── Task inputs

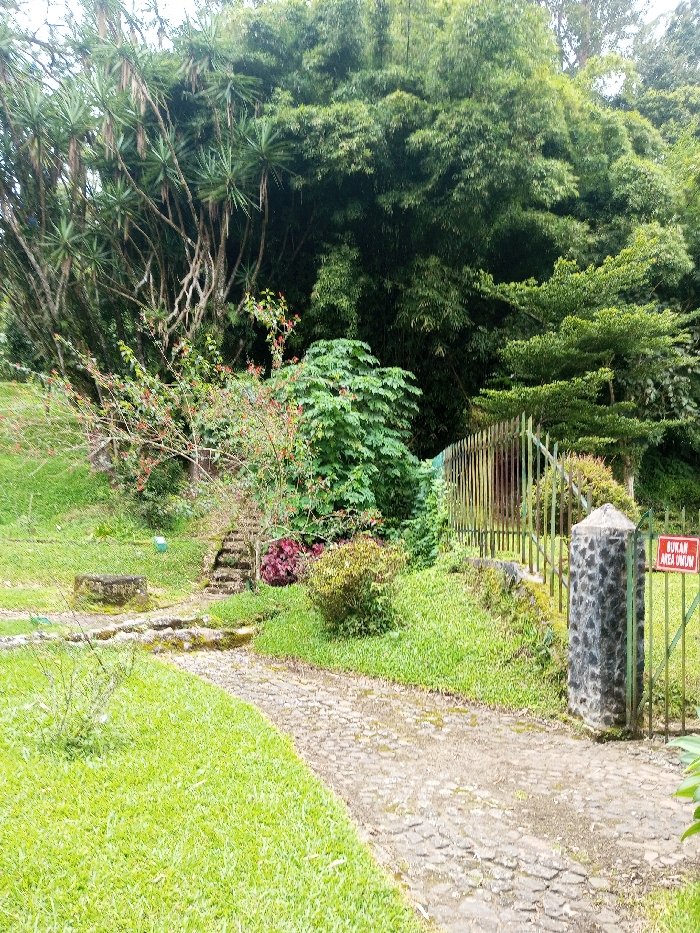 A stone path winds through a lush green landscape. The path leads to a set of stairs and a gate with a sign in a foreign language. Verdant trees and plants, including bamboo and a vibrant red bush, surround the path. A stone structure sits on the left side of the path, adding to the natural scenery. A mossy area indicates a potentially wet or damp environment. The overall scene evokes a serene and secluded natural setting.
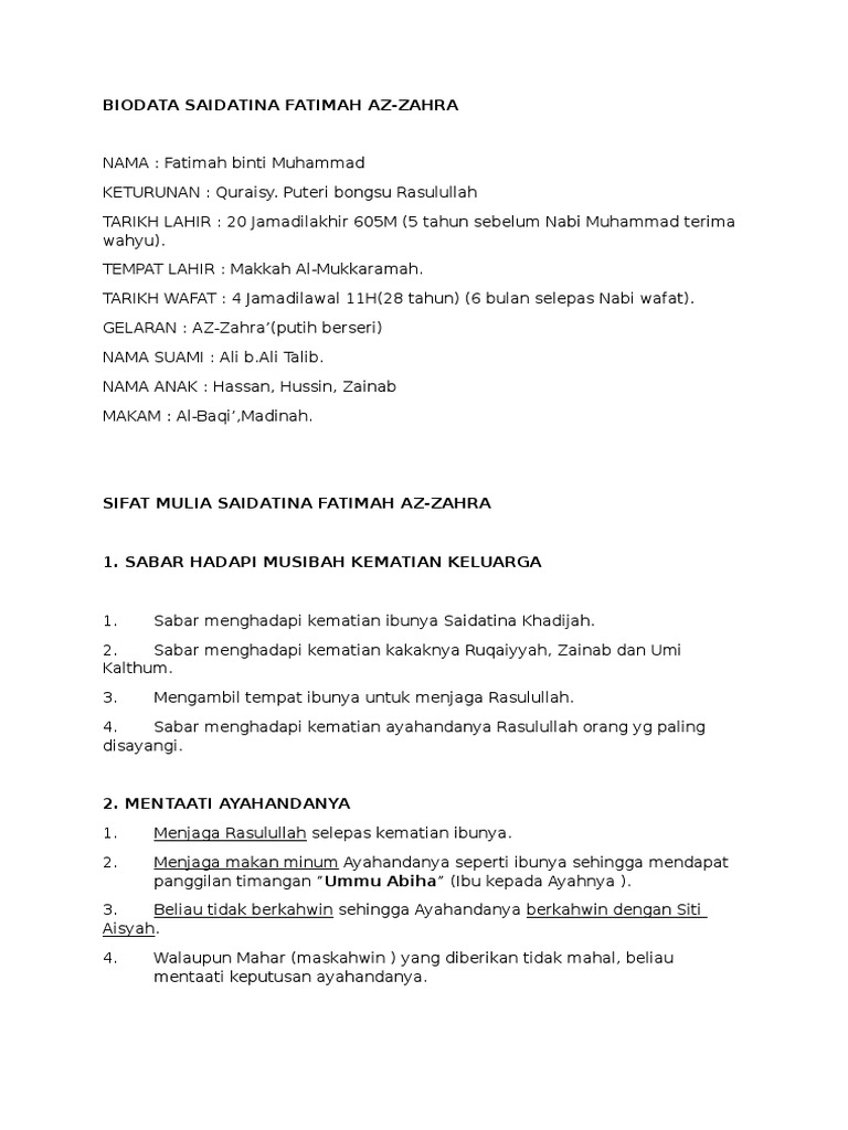 Biodata Saidatina Fatimah Al Zahra Ainul Folio Docx
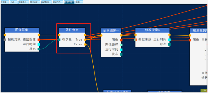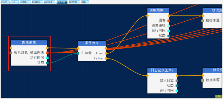 步骤2.判断采集状态:通过条件分支判断图像是否采集成功,如果不成功使用日记记录并将相机处理状态变量赋值为2,PLC流程通过多分支工具对此变量进行判断从而确定右侧定位失败
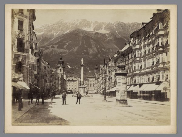 Curator: This gelatin silver print, “Gezicht op de Burggraben en de Hofkerk in Innsbruck, Oostenrijk”, presents a cityscape captured sometime between 1850 and 1920, likely by Fritz Gratl. Editor: What a beautiful sepia-toned dream. The light feels…old, heavy with history, you know? Like a memory someone is trying to hold onto. Curator: Indeed. Note the composition: The photograph deploys a strong central perspective, drawing the viewer's eye from the bustling street towards the stoic Hofkirche. The verticality of the church's tower offers a striking counterpoint to the horizontal thrust of the streetscape. Editor: Exactly! And the mountains in the background…distant yet looming, like a permanent audience. There is a sense of human presence, all the figures, yet I feel a serene stillness. Almost otherworldly, but yet of earth. Curator: We can appreciate here how the realist and neoclassical artistic movements were applied, with details on buildings carefully rendered in great photographic clarity while its grand scenery is bathed in consistent, even light. Observe how this approach gives dignity to even mundane, architectural details of 19th century Europe, an era obsessed with structural balance and order. Editor: That almost-dreamy effect…it's interesting considering it is supposed to be documenting a “real” place. But this makes me think about the unreliability of memory, and also maybe about our present moment viewed from 100 years in the future, also like looking back on a sepia dream. It is all so heavy and melancholic…but in a comforting way? Curator: Your intuitive response aligns with my analysis. The tonal qualities – the shades and light – contribute heavily to a sense of temporal distance, layering history with subjective experience and thus impacting the piece's interpretation and appreciation. It's neoclassical art through a nostalgic lens, offering insight to its subject. Editor: So, this image becomes more than just a record of a street in Innsbruck; it morphs into a mediation on our place within Time. It will linger within me for days…it’s good food for the soul!
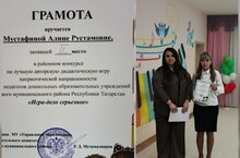 Сегодня воспитатель нашего детского сада Алина Рустамовна приняла участие в районном конкурсе на лучшую авторскую дидактическую игру "Игра - дело серьезное" и заняла 2 место. Поздравляем!
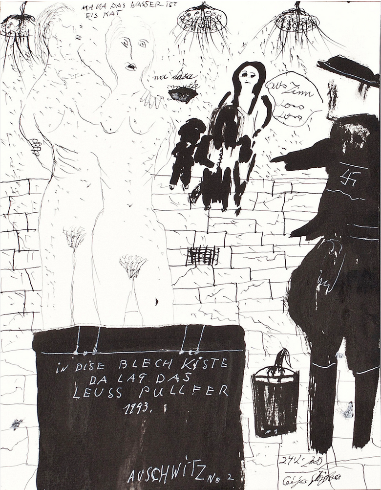 Mama, The Water Is Cold As Ice. Na dara muri [don’t be scared my… (?)]. Get Undressed, Come One, Come On! The Delousing Powder Was In Those Tin Boxes. 1943. Auschwitz. No 2, 24.2.2005, Ink on paper 32 x 24 cm, Hojda and Nuna Stojka collection, Wien
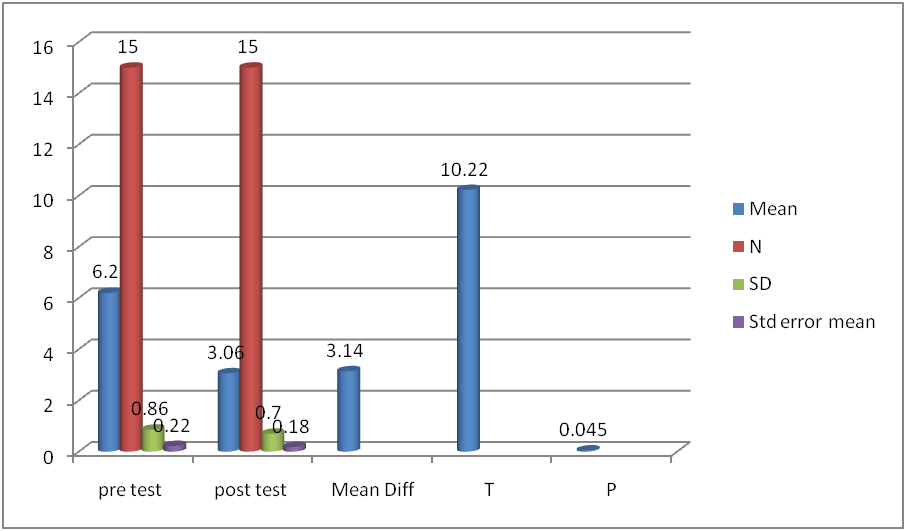 | Pre-test VAS (Group B) | 6.2 | 15 | 0.86 | 0.22 | 3.14 | 10.22 | 0.045 |
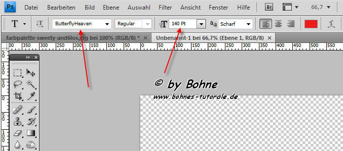 2) aktivierer das Horizontales Text-Werkzeug mit diesen einstellungen
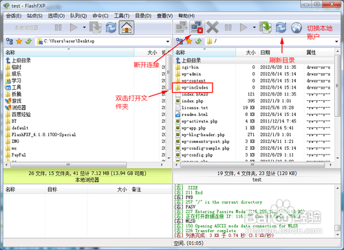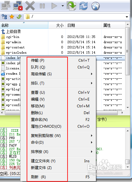 连接FTP成功后,右侧窗口会显示FTP服务器(站点)目录。你可以上传、下载、修改、删除FTP服务器(站点)中的内容了。
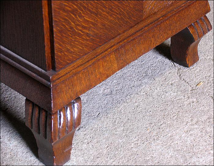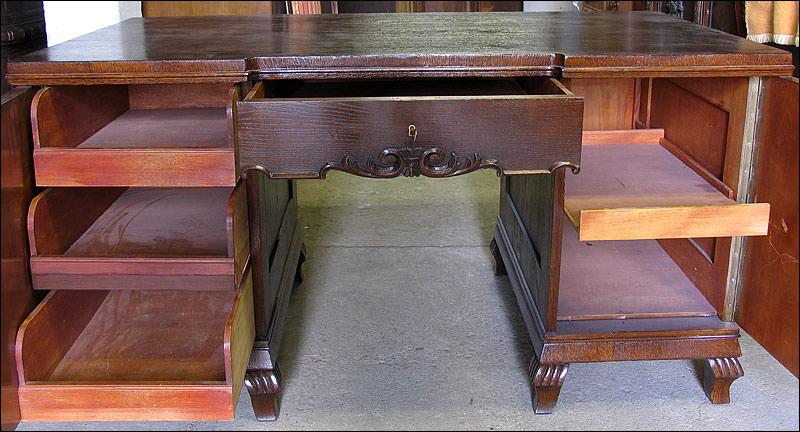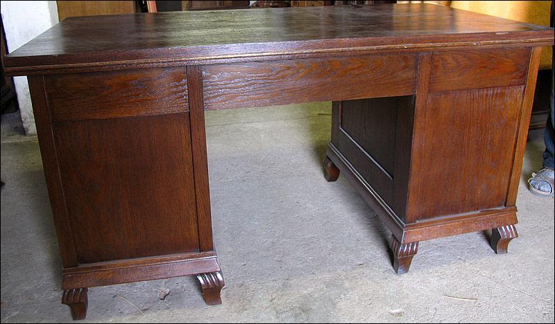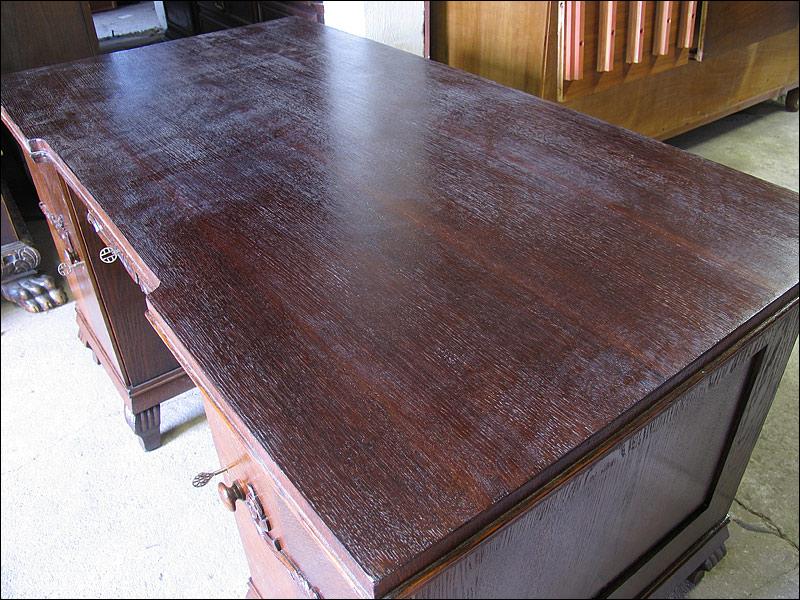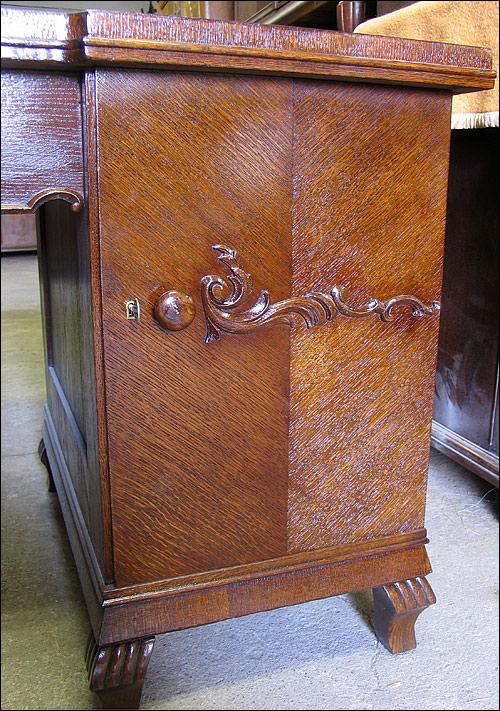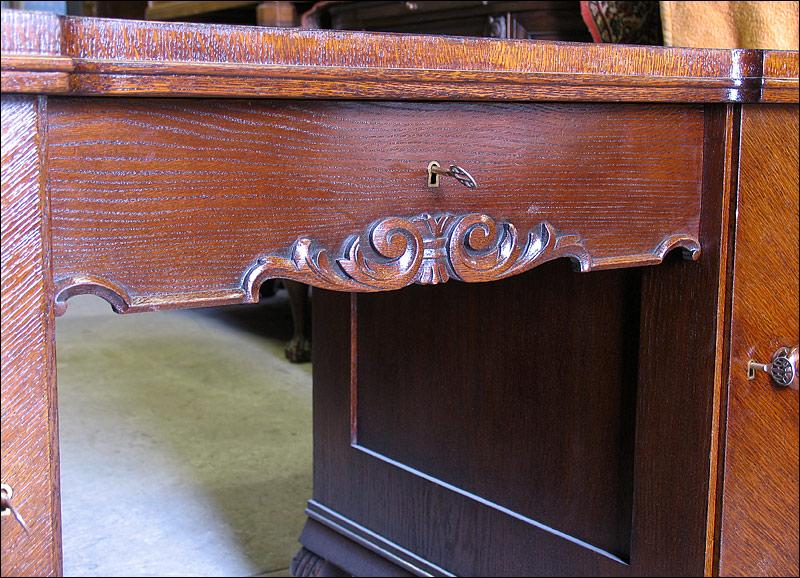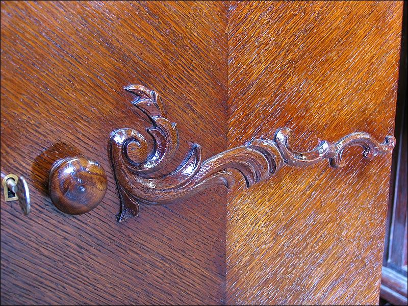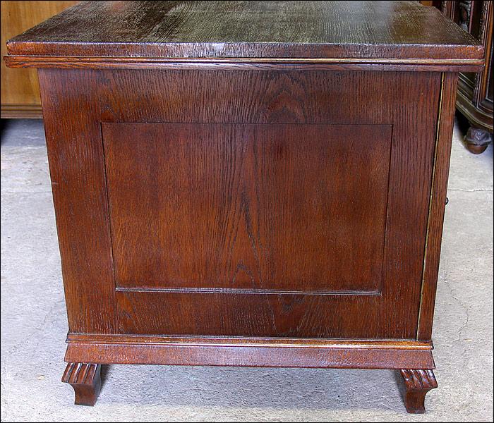 Dębowe biurko, zdobione snycerką. Fornir na drzwiczkach układany pod kątem, półka z prawej strony wysuwana. Dwustronne.181032

────

▶ _What is needed_: Exactly the lines from the one containing "2) aktivierer das" through the last line of the data above should be output, both ends included, with every picture left out.

▶ _Written solution_:
 2) aktivierer das Horizontales Text-Werkzeug mit diesen einstellungen
 连接FTP成功后,右侧窗口会显示FTP服务器(站点)目录。你可以上传、下载、修改、删除FTP服务器(站点)中的内容了。
 Dębowe biurko, zdobione snycerką. Fornir na drzwiczkach układany pod kątem, półka z prawej strony wysuwana. Dwustronne.181032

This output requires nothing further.